In the current investigation, a significant reduction in both plasma progesterone and testosterone was concomitant with increased estradiol levels in fish treated with E2. Similarly, Yuan et al. (2011) showed that oral administration of E2 for 15 months declined serum testosterone levels and enhanced serum estradiol concentrations in a dose-dependent manner in Asian swamp eel (Monopterus albus). The long-term administration of E2 to female brook trout led to a decrease in plasma testosterone and an increase in plasma E2 concentration (Schafhauser-Smith and Benfey 2003). Lower concentrations of progesterone and testosterone in E2-treated fish suggested that repeated E2 injections may affect the steroid biosynthesis process by changing the enzyme activities in the steroidogenic pathway, which convert pregnenolone to progesterone and progesterone to testosterone. Maximum E2 in E2-injected fish was likely related to the vitellogenic process. It is well established in fish species that E2 regulates vitellogenin production by the liver and its level is correlated with vitellogenin synthesis in the liver and with the female reproductive cycle (Ding 2005; Babin et al. 2007). Furthermore, exogenous E2 probably affects the metabolic clearance rate, so that plasma E2 levels remain significantly high 3 weeks after each treating with this hormone. This hypothesis is supported by consideration of previous study in which plasma E2 was poorly metabolized in immature rainbow trout exposed to E2 (Atteke et al. 2003). On the other hand, elevated plasma E2 may be caused by a positive feedback response to hormone therapy on the hypothalamus–pituitary–gonad axis for the growth and development of gonads.
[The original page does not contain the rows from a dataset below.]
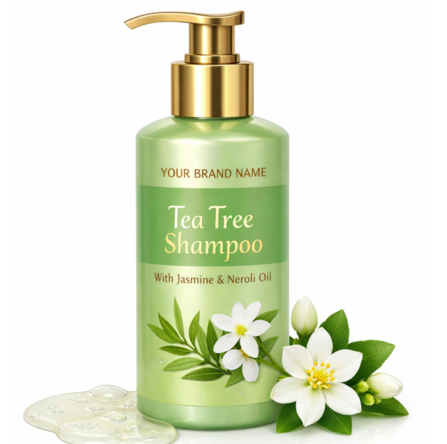 Private Label Herbal Tea Tree Shampoo with Jasmine & Neroli Oil OEM Bulk Anti-Dandruff & Scalp Refreshing Shampoo for Wholesale
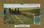 Description :EN SASKATCHEWAN, UN HOMME TRAVAILLE AU CHAMP AVEC SA MOISSONNEUSE-BATTEUSE TIREE PAR DES CHEVAUX.
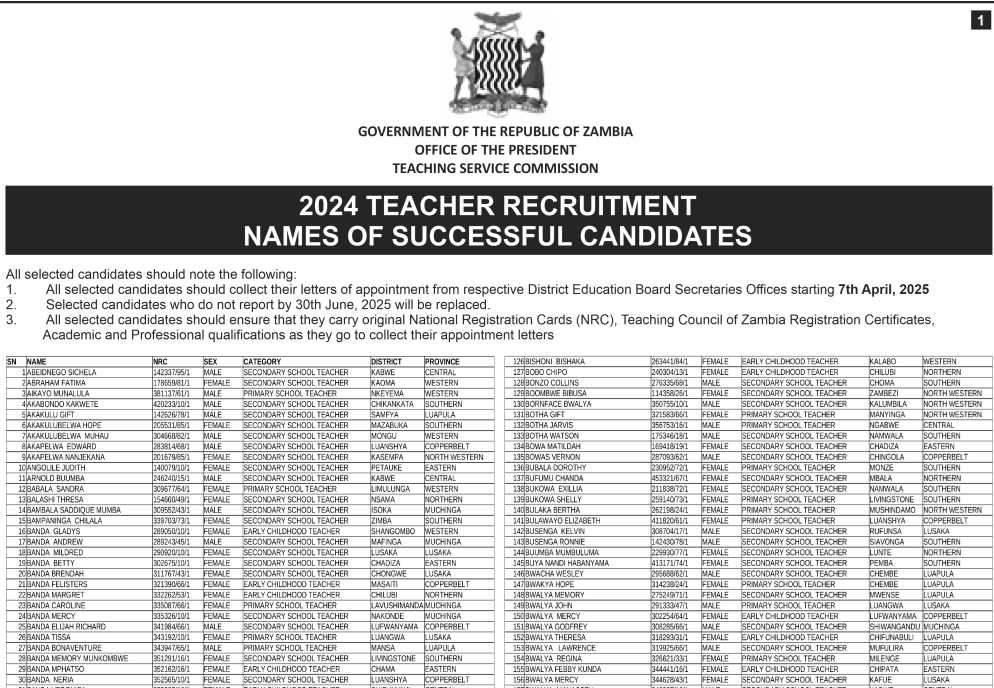 2025 Teacher Recruitment List Zambia Download Pdf
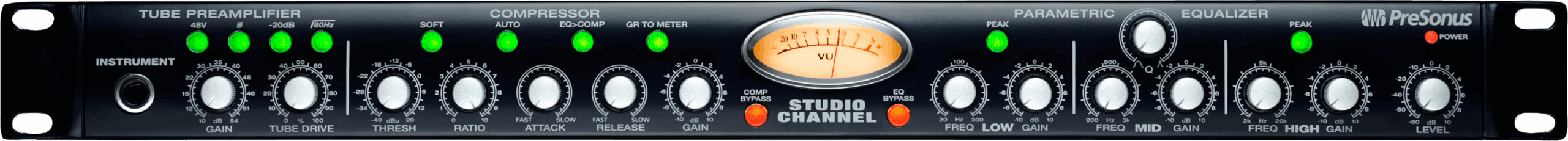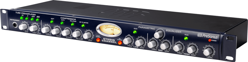 The PreSonus® Studio Channel channel strip is a wonderful studio tool that’s great for live performance, too. Featuring a tube preamp, VCA-based compressor, and three-band EQ, it delivers a huge variety of timbres. With XLR mic, balanced ¼-inch line, and unbalanced ¼-inch instrument inputs and balanced XLR and ¼-inch outputs, you can connect it to almost any audio interface, amp or PA.

Histological observations of gonads suggested that oogenesis was induced in all the fish treated with exogenous estradiol, so that fish had ovaries with a lot of oocytes at the perinucleus stage. In this study, 66 % of control group were also female. Therefore, it seems that other factors such as artificial propagation and some environmental factors before the beginning of experiment are also involved in skewing sex ratio toward female in the control group.
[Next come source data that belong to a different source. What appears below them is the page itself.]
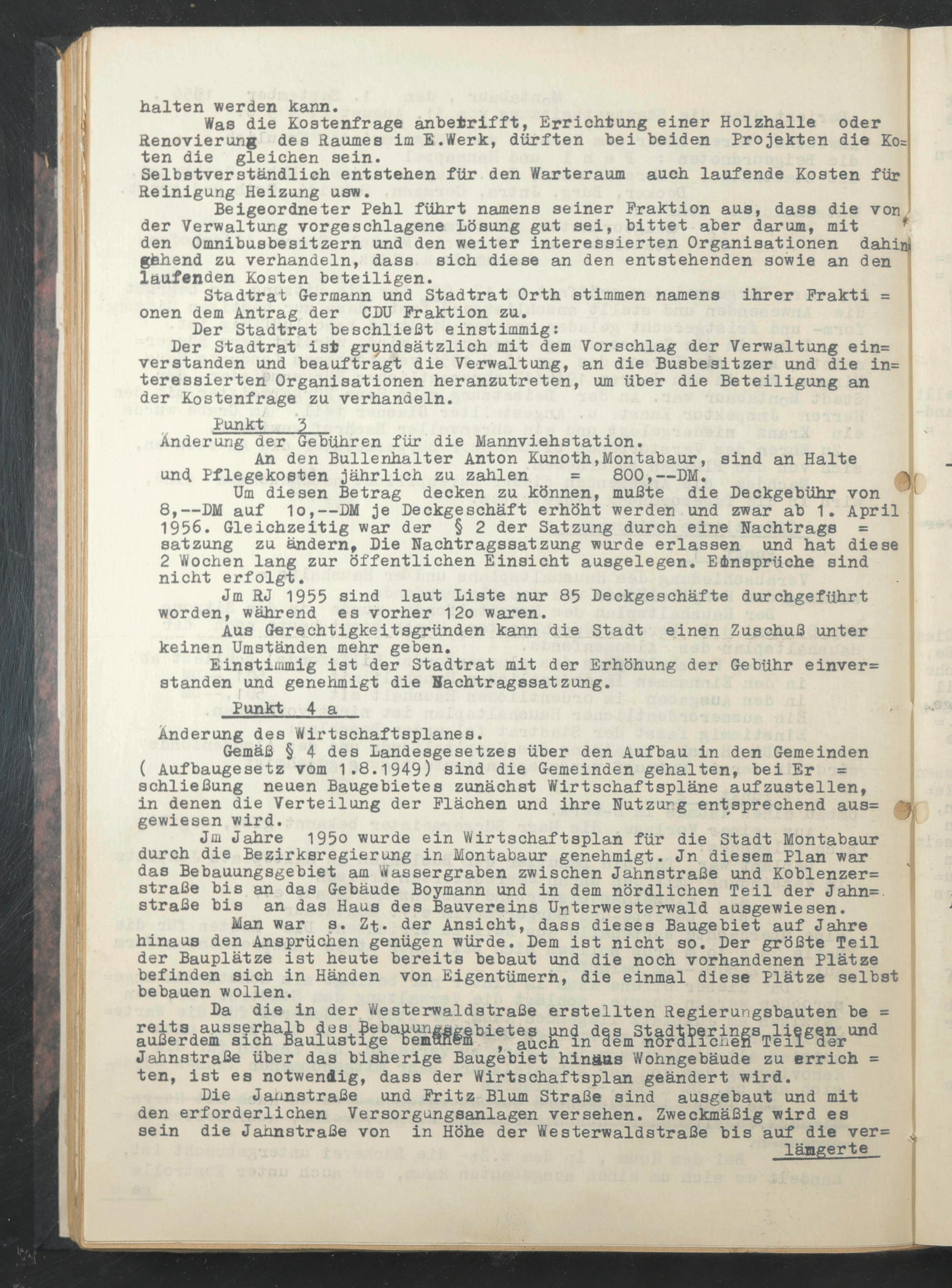 An den Bullenhalter Anton Kunoth,Montabaur, sind an Halte und Pflegekosten jährlich zu zahlen = 800,—DM.
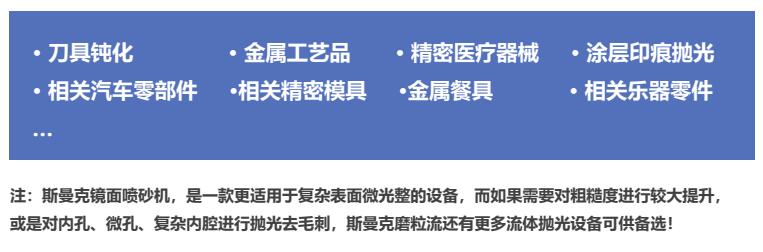 镜面喷砂机,采用弹性磨料直接喷射至抛光面,进行滑擦研磨,虽然粗糙度提升有限,但是亮度非常好。非常适合一些复杂表面抛光或是盲孔抛光。
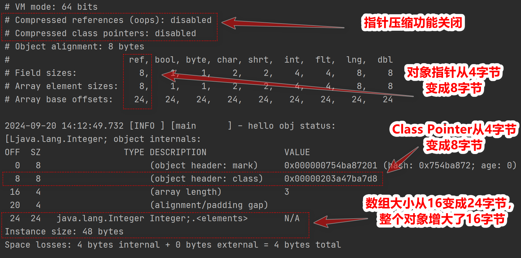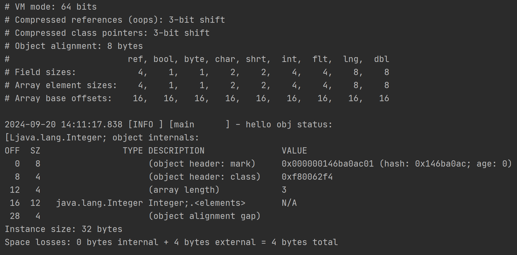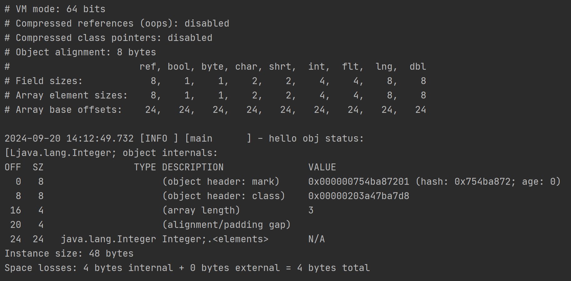 需要注意的是這裏的Integer[]數組裏面都是Integer對象,而非int類型的數值,它是Integer基本類型包裝類的實例,這裏的數組內存地址中存儲的是每個Integer對象的指針引用,從輸出的VM信息的對照表中,“ref”類型佔據8字節,所以才是3*8為24字節大小。

In conclusion, this study revealed that, for the first time, it is possible to use E2 through injection method for sex reversal in stellate sturgeon without having adverse effects on the growth and survival. According to previous studies on sturgeon species, it seems that the dosage of 5 mg/kg is an optimal dosage for feminization in stellate sturgeon. Further investigations are needed to clearly determine the best dose and exact time of E2 injection and full elucidate its mechanism of action on physiological system through cellular and molecular studies.